Sono tutti ricavi da utilizzo, da parte di terzi, di attività patrimoniali e si rilevano quando è probabile l’afflusso dei benefici economici o il potenziale di servizio associati all’operazione e la loro valutazione rispetta i postulati e i vincoli dell’informazione del bilancio di esercizio.
Il momento di rilevazione è:
•    per gli interessi, la maturazione temporale secondo il rendimento effettivo dell’attività;
•    per le royalties/canoni, la maturazione secondo accordo;
•    per i dividendi, quando sorge il diritto a riceverli.

  1. (ITAS 9) Quando si rileva un provento da tributi?

Il provento da tributi è rilevato nell’esercizio in cui si verifica l’evento imponibile, a condizione che:
•    l’amministrazione abbia acquisito il controllo delle risorse;
•    l’ammontare sia determinabile attendibilmente e nel rispetto dei postulati e dei vincoli dell’informazione di bilancio.

  1. (ITAS 10) Come valutare beni acquisiti tramite donazione, ad esempio dispositivi di protezione individuale (DPI), beni sanitari, materiali di consumo? 

I beni ricevuti senza corrispettivo devono essere iscritti tra le rimanenze al valore di mercato alla data dell’acquisizione, ricavato da mercati attivi o listini utilizzabili per beni comparabili.

  1. (ITAS 10) Come valutare beni destinati a essere ceduti gratuitamente o a corrispettivo simbolico (ad esempio vaccini, kit sanitari)? 

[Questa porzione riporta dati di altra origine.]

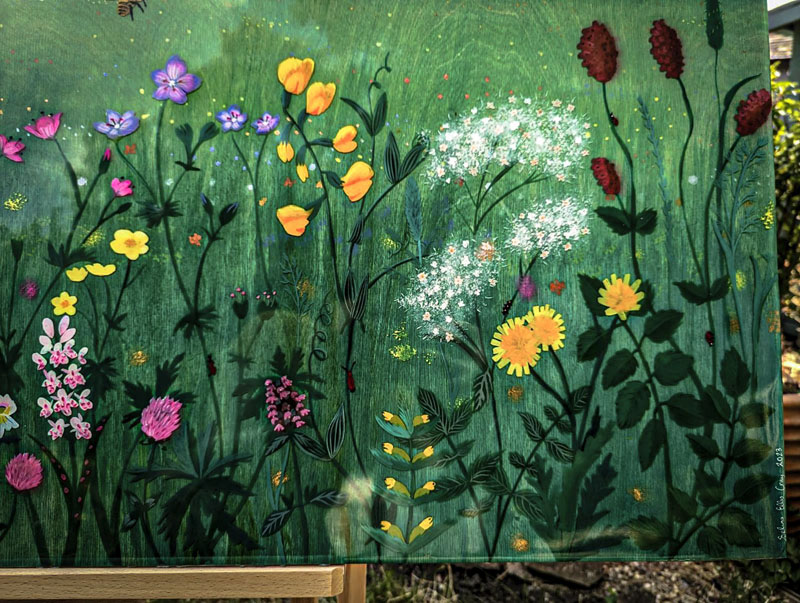 A handcrafted sign with multiple reverse fixtures, housed on a sturdy artist easel. Doubles as both a sign and a spotting board containing species found on local wildflower meadow sites within the ANOB. To be viewed at a distance and close up, with an aesthetic painterly vision capturing National Meadows Day.
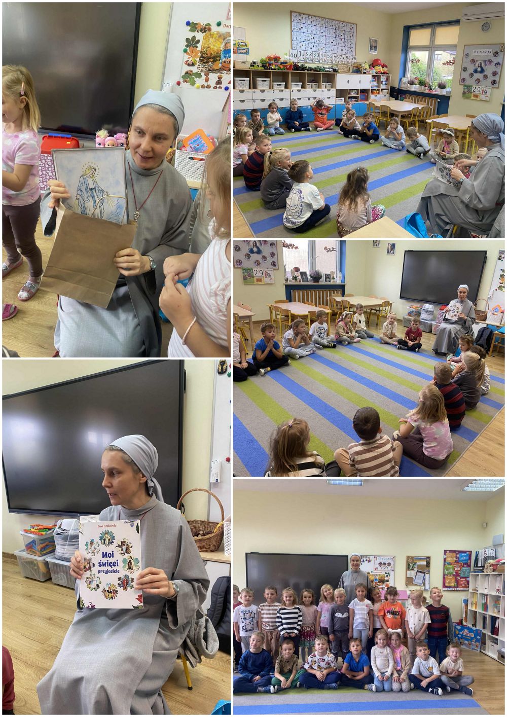 Grupę odwiedziła s. Anuncjata i przeczytała kilka wierszy z pięknej książeczki " Moi święci przyjaciele". Dziękujemy Siostrze za piękne obrazki ze Świętymi!

Se il bene finale viene ceduto senza corrispettivo o a tariffa simbolica, la rimanenza deve essere valutata al minore tra costo di acquisizione/produzione e costo di sostituzione. Questo vale sia per i beni destinati alla distribuzione diretta sia per i beni destinati a essere utilizzati nella produzione di servizi erogati gratuitamente.

  1. (ITAS 10) Quali metodi di determinazione del costo sono ammessi per beni fungibili (materiali sanitari, reagenti, carburanti, ecc.)?

Per i beni fungibili l’amministrazione può utilizzare:
•    il metodo FIFO (First In, First Out), continuo o a scatti;
•    il metodo del costo medio ponderato, continuo o a scatti.
La scelta deve essere coerente per categorie omogenee e mantenuta costante nel tempo salvo cambiamento motivato di politica contabile.

  1. (ITAS 10) In quali casi è possibile ripristinare una precedente svalutazione?

Il ripristino è possibile solo se le cause che avevano determinato la svalutazione non sussistono più e comunque entro il limite della svalutazione originaria. Il nuovo valore non può superare il minore tra costo e valore netto di realizzo/costo di sostituzione aggiornato.

  1. (ITAS 10) Come si imputano a conto economico i costi delle rimanenze? 

Il costo delle rimanenze è imputato a conto economico:
•    nell’esercizio in cui i beni vengono ceduti o utilizzati;
•    includendo eventuali svalutazioni e ripristini di valore nel periodo in cui si verificano.